12-11-2017, 01:25 PM
Quote:Donald Trump won the US presidency with the backing of working-class and socially conservative white voters on a populist platform of economic nationalism. Trump rejected the Republican party’s traditional pro-business, pro-trade agenda, and, like Bernie Sanders on the left, appealed to Americans who have been harmed by disruptive technologies and “globalist” policies promoting free trade and migration. But while Trump ran as a populist, he has governed as a plutocrat, most recently by endorsing the discredited supply-side theory of taxation that most Republicans still cling to. Trump also ran as someone who would “drain the swamp” in Washington DC and on Wall Street. Yet he has stacked his administration with billionaires (not just millionaires) and Goldman Sachs alumni, while letting the swamp of business lobbyists rise higher than ever.How far will Trump go to keep his core supporters on his side? | Nouriel Roubini | Business | The Guardian
Trump and the Republicans’ plan to repeal the 2010 Affordable Care Act (Obamacare) would have left 24 million Americans – mostly poor or middle class, many of whom voted for him – without healthcare.
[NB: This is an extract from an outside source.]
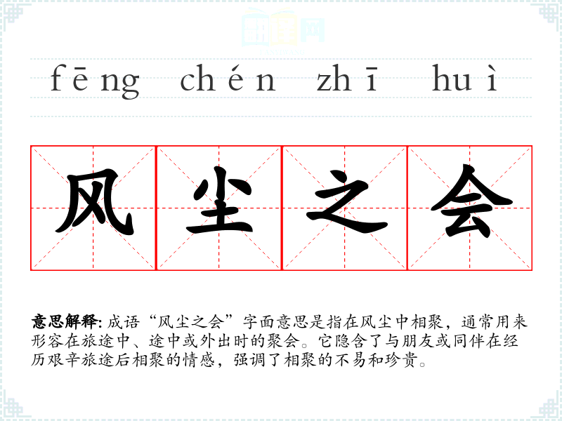 “风尘之会”出自于古代文人对旅途的描绘,最早可以追溯到一些古典文学作品中,表达了在漫长旅程中所产生的友情与情谊。它反映了古代人们对于友情的重视,尤其是在艰苦的环境中,友情显得尤为珍贵。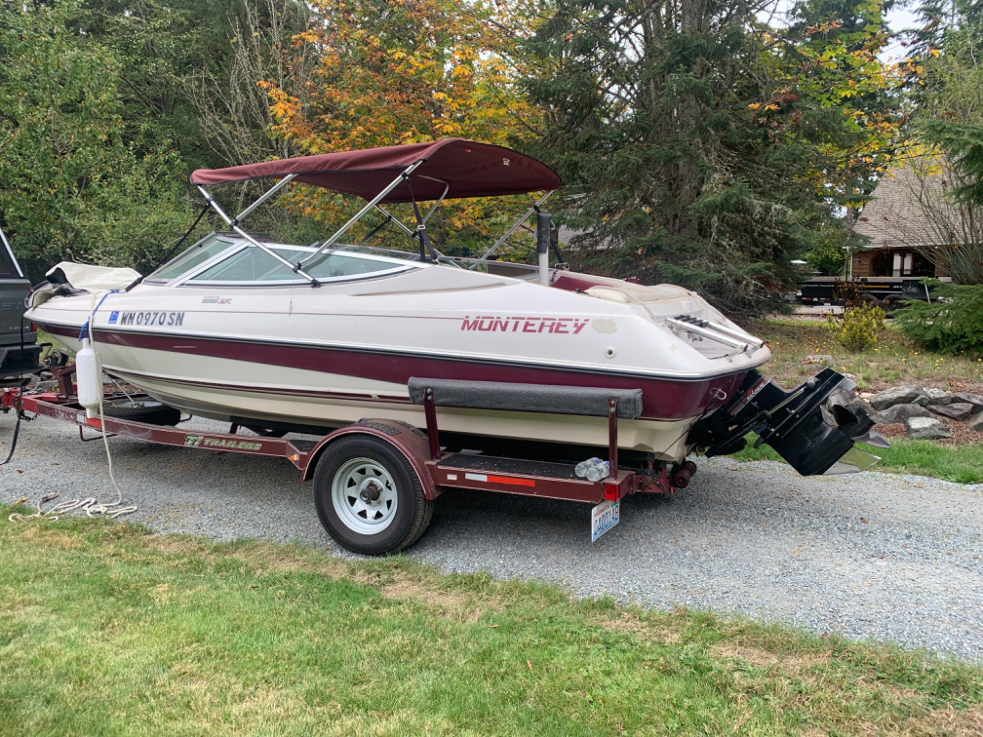 Monterey 189SCR power boat, 18.5feet long. Single motor. 4.6Liter V6 Merc cruiser Hours are 1024. Still operational. Hummingbird duck finder GPS. Bluetooth AM/FM stereo. Ropes, bumpers, telescoping ladder. Bimini top and cover. Boat tags are current through OCT 2024. Trailer tags good until 2025. Item is not taxed when sold. Department of Licensing collects tax upon transfer of title

His deregulatory policies are blatantly biased against workers and unions. And the Republican tax-reform plan that he has endorsed would overwhelmingly favour multinational corporations and the top 1% of households, many of which stand to benefit especially from the repeal of the estate tax. Trump has also abandoned his base in the area of trade, where he has offered rhetoric but not concrete action. Yes, he scrapped the Trans-Pacific Partnership (TPP), but Hillary Clinton would have done the same. He has mused about abandoning the North American Free Trade Act (Nafta), but that may be just a negotiating tactic. He has threatened to impose a 50% tariff on goods from China, Mexico and other US trade partners, but no such measures have materialised. And proposals for a border adjustment tax have been all but forgotten.